Тим посмотрел на него, открыл, было, рот, но ничего не сказал.
Эвелин Хиллингдон, спокойная и сдержанная, как обычно, села на указанный стул. Внимательно выслушав предложенные вопросы, она не торопилась с ответом. Ее темные умные глаза вдумчиво смотрели на Уэстона.
— Да, — сказала она. — Я разговаривала на террасе с мистером Кендалом, когда появилась его жена и сообщила нам об убийстве.

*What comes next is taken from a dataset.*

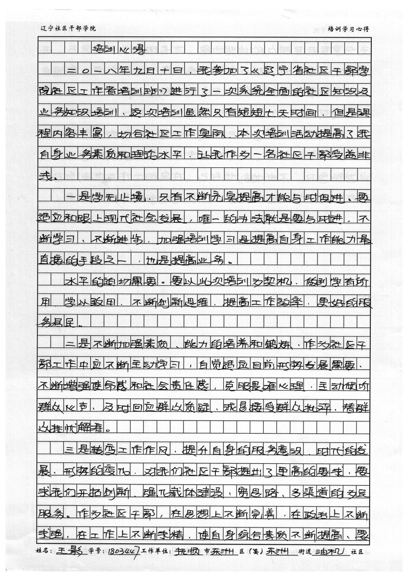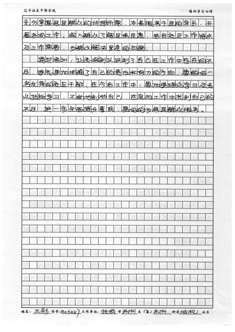 抚顺市东洲区东洲街道油机社区再就业主任王影培训心得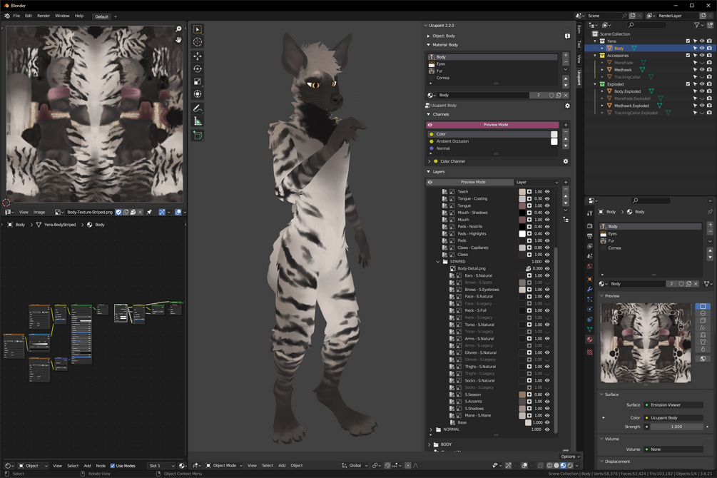 - Blender files with configured, paintable texture layers and masks through Ucupaint.

— Вашего мужа там не было?
— Нет, он отправился спать.
— Была ли у вас особая причина для разговора с мистером Кендалом?
Эвелин подняла свои тонко подведенные брови — это был недвусмысленный упрек, и холодно сказала:
— Что за странный вопрос. Нет, ни о чем конкретном мы не говорили.
— Вы не обсуждали здоровье его жены?
И опять Эвелин не стала торопиться с ответом.
— Сказать по правде, я не помню, — наконец произнесла она.
— Вы уверены в этом?
— В чем, в том, что я не помню? У вас забавная манера задавать вопросы. Нет, не помню, о стольком говоришь всякий раз.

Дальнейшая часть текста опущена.